Wallace refocused. “To Walmart.”
The Jeep stopped at a Walmart parking lot. It was, at that time, one of the few places outside San Juan where cell service was easily available. Before making his daily call to the Service’s morning update in Atlanta, Wallace paused to give Maria its due.
It was a bad storm, said Wallace, who also responded to Hurricane Katrina, the 2005 tempest that crippled New Orleans. Maria was like Katrina – with one exception: The 2017 storm hit an island. Every logistical consideration – bringing repair crews to right fallen power poles, clearing roadways, delivering food – became a challenge.

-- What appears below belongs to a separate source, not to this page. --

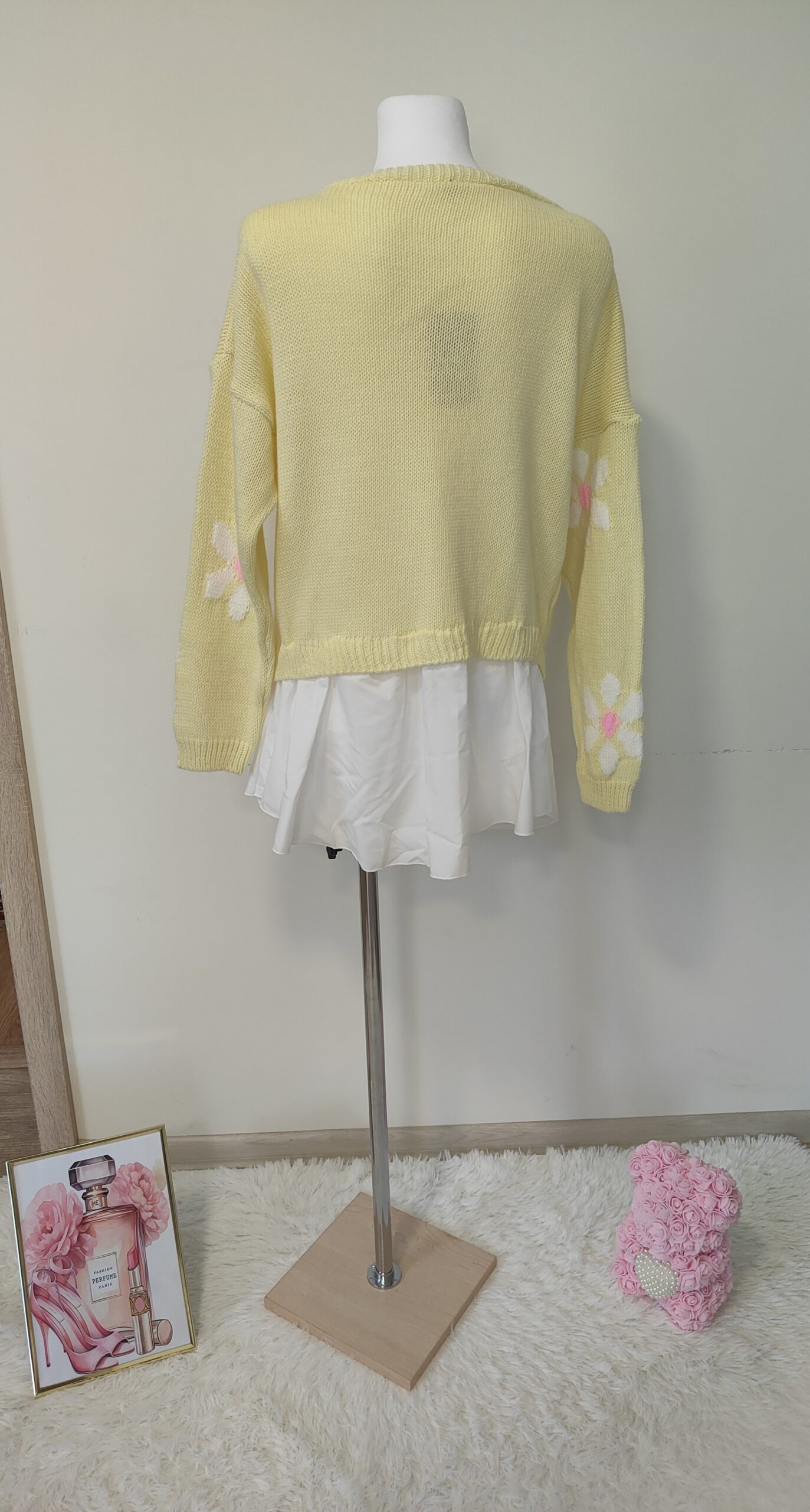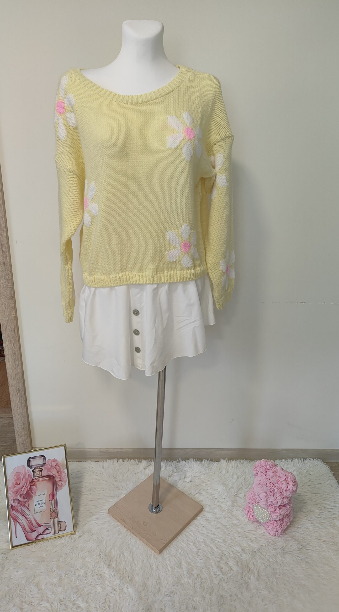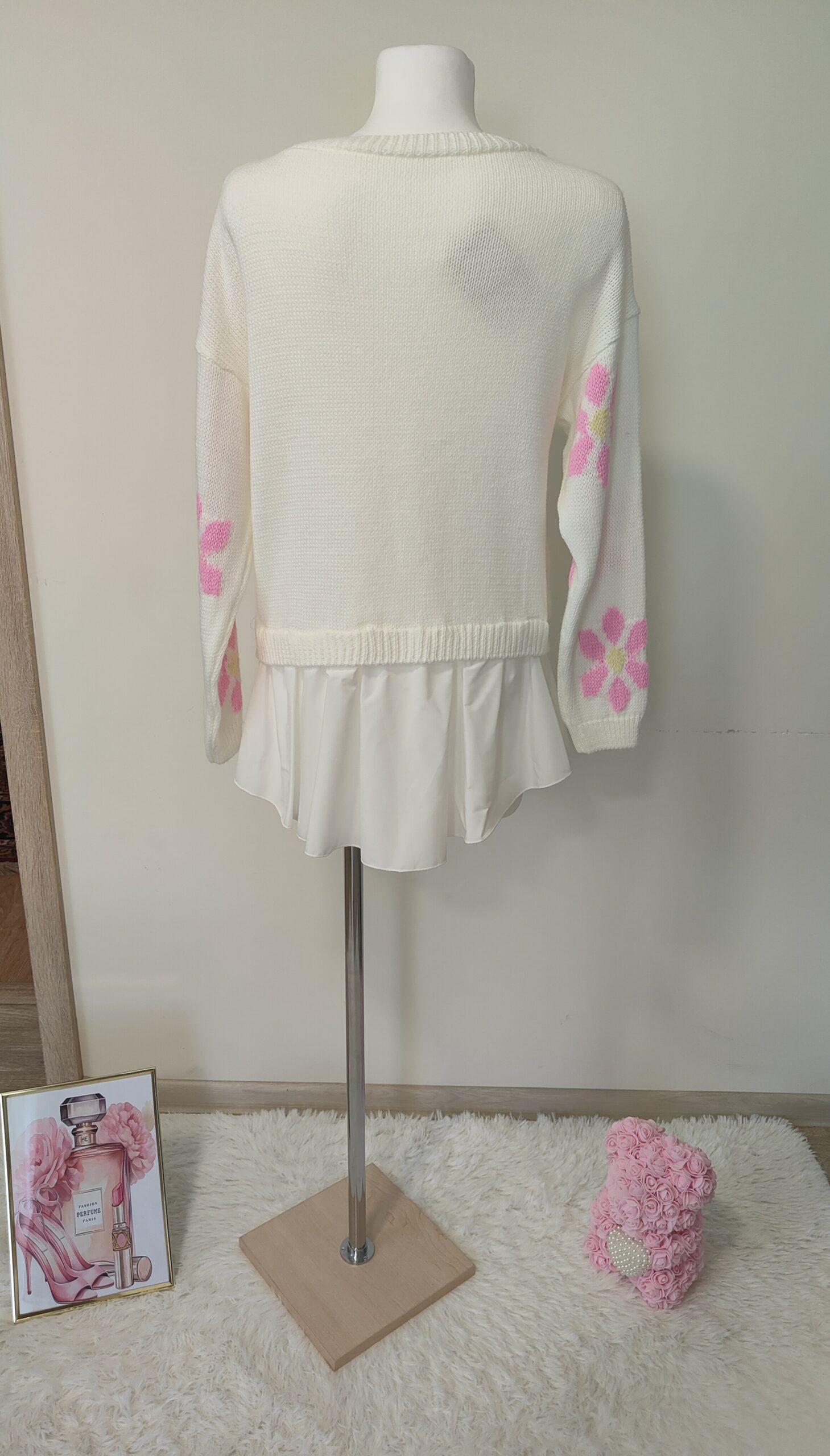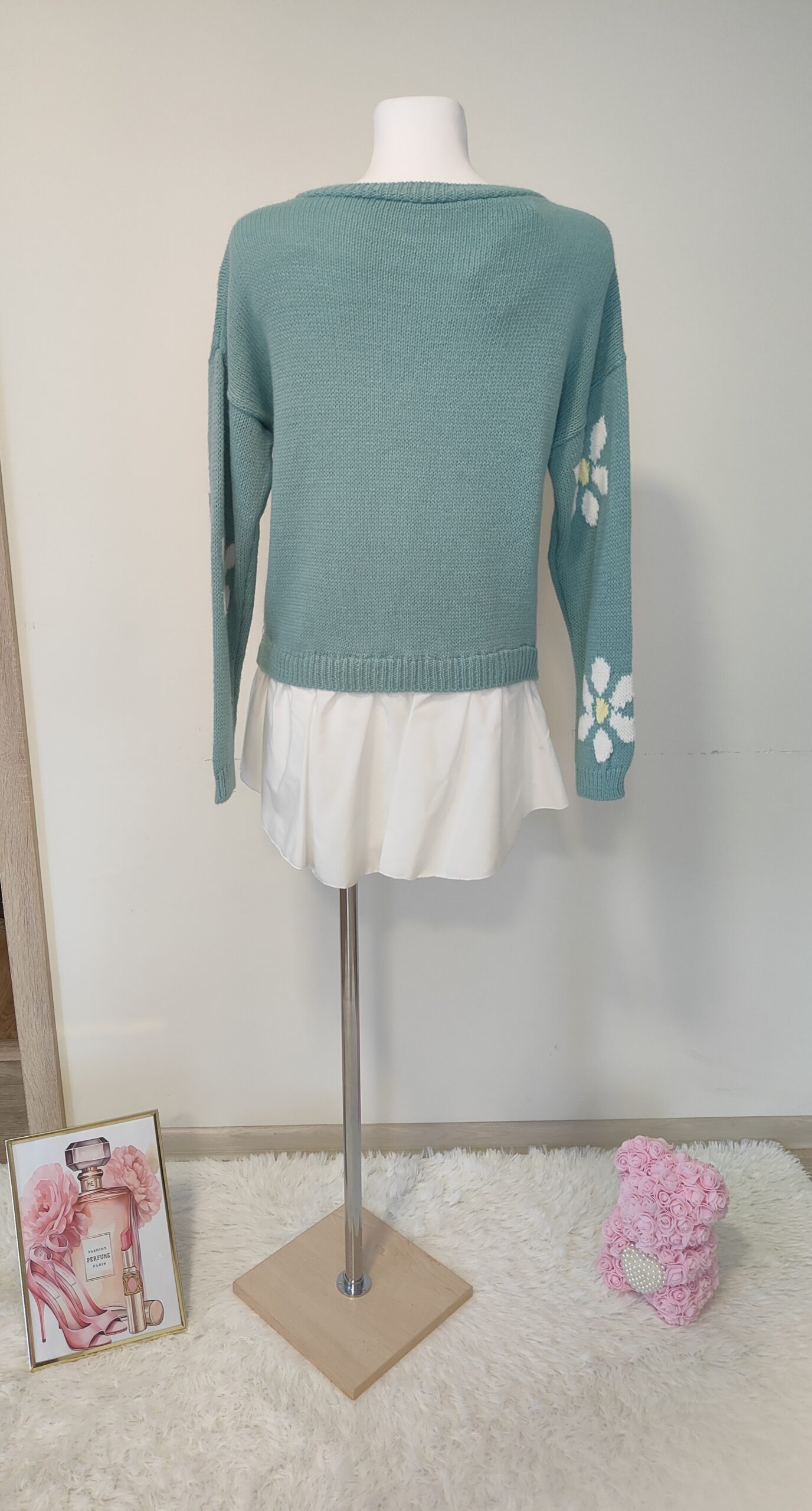 SWETER WŁOSKI Z DODATKIEM KWIATÓW I KOSZULI

“There’s been so much more work done in Puerto Rico that we’re not used to having to work with,” he said.
A quick response
He’s 49 with a kid in college and another in high school. His partner, Trincado, is eight years younger, dad to a high schooler and a child in elementary school.
Each had hurriedly said goodbye to wives and children and taken a federal flight to Puerto Rico in the days immediately following the hurricane. They arrived when the island territory teetered uncertainly between order and chaos, when basic services had all but vanished.

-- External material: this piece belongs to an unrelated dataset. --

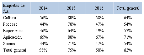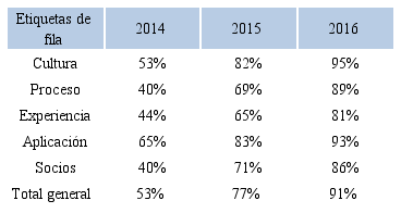 Para el 2016, el nivel de cultura y aplicación se alcanzaron niveles de excelencia; en el proceso, en experiencia y en socios se alcanzaron niveles competentes
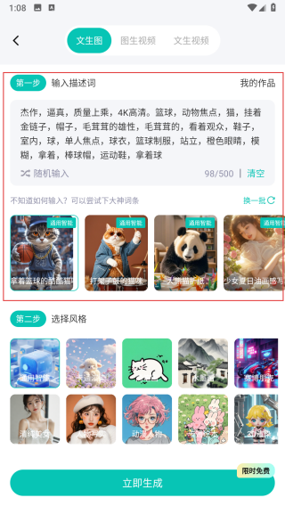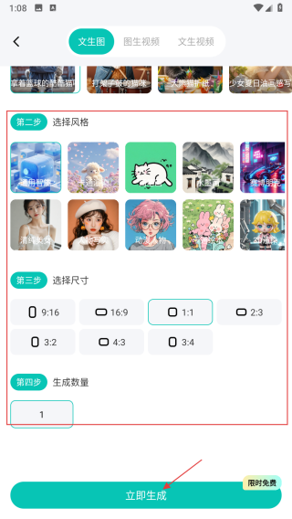 3、在選擇風(fēng)格區(qū)域挑選風(fēng)格,在選擇尺寸,設(shè)置生成數(shù)量,完成所有設(shè)置后,點(diǎn)擊立即生成按鈕。

During their stay, Wallace and Trincado oversaw the distribution of more than 20 generators, 24 pallets of water and 30 pallets of food. Service workers disbursed them across the island, as well as at Vieques, a smaller island just east of the mainland, and at the U.S. Virgin Islands.

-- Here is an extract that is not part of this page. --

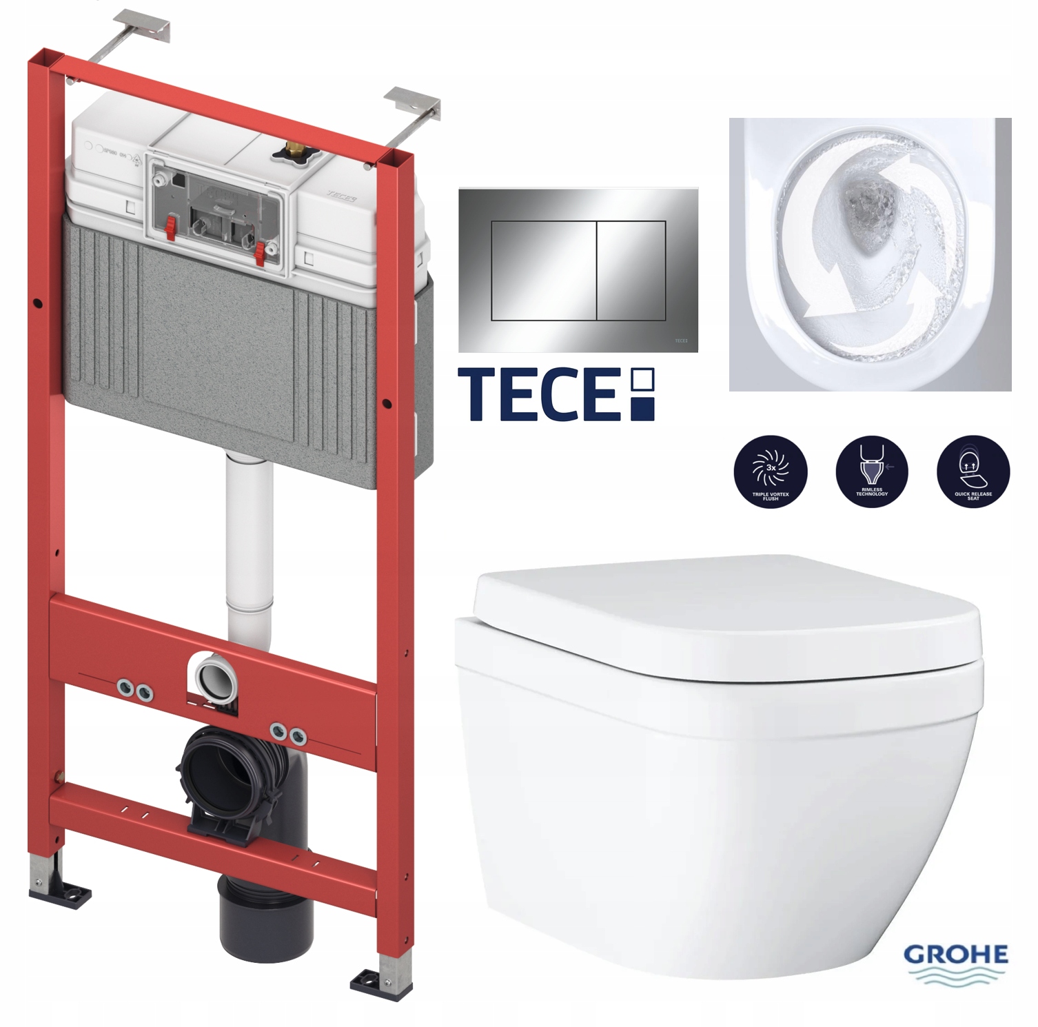 КОМПЛЕКТ ДЛЯ УНИТАЗА 7 в 1, РАМКА TECE + Еврокерамический УНИТАЗ GROHE + ХРОМИРОВАННАЯ КНОПКА

They also directed crews that took care of an array of must-do tasks: cutting away fallen trees, knocking on doors of ruined homes to make sure the inhabitants were OK, offering encouraging words.
“We’ve just had to work that out,” Wallace said. “We’ve had to stay flexible.”
Not so, said his colleague “We don’t have to be flexible,” Trincado says. “We have to be fluid.”
Wallace gave a halfway nod, and thought for a moment, searching for the right phrase.
“It’s been interesting,” he said, finally.
It was the sort of mission providing memories that will last forever.
The Service learned of an 8-year-old girl, a leukemia patient cut off from chemotherapy when her hospital closed. Workers scrambled to find another facility for the child.
There was Vieques, where the deputy mayor pleaded with workers to send additional law enforcement. The Service contacted other federal agencies and helped keep order on the small island.
And there was that memorable encounter, somewhere on the highway leading to Cabo Rojo. A Service officer making a delivery to the southwestern city stopped to offer some women a precious commodity: water. For a moment, none of the women spoke.
“God bless,” one managed.
Not all endeavors appeared to have had a divine presence.
For example, a planned flight to Vieques, a 10-minute hop east from mainland Puerto Rico, was canceled after Wallace and a Service pilot decided a late-morning wind was too stiff for the single-engine airplane.
With a few raindrops hitting the ground, Wallace shrugged. “We’ll try again tomorrow.”
The next day, sunny and warm, was perfect for the flight. Wallace and Trincado got to Vieques to install a telephone and internet receptor at the refuge’s headquarters. They then flew from Vieques to St. Croix, U.S. Virgin Islands, where they performed the same task.
Another challenge: getting crews on and off the island. Wallace spent a half-day working with different federal agencies to ensure that some Service workers wanting to go home caught a military supply flight from Puerto Rico to Florida. If the island had had cell service, the snafu would have taken an hour to clear up; instead, it took four.
The sun was dipping into the west. Wallace watched as the workers walked into a hangar, duffel bags and other equipment slung over their shoulders. They sat on the floor, waiting for a big, gray airplane headed back to the states.
Wallace slid into the rider’s seat. He cast Trincado a quick look.
“Today,” he said, “has been a challenge.”
The Jeep picked up speed and eased into traffic that moved without benefit of stop lights. Wallace reached for the “Captain’s Log” and read the results. He sighed. Not the greatest day.
Then he nodded. “Tomorrow,” he said, “we’ll hit it hard.”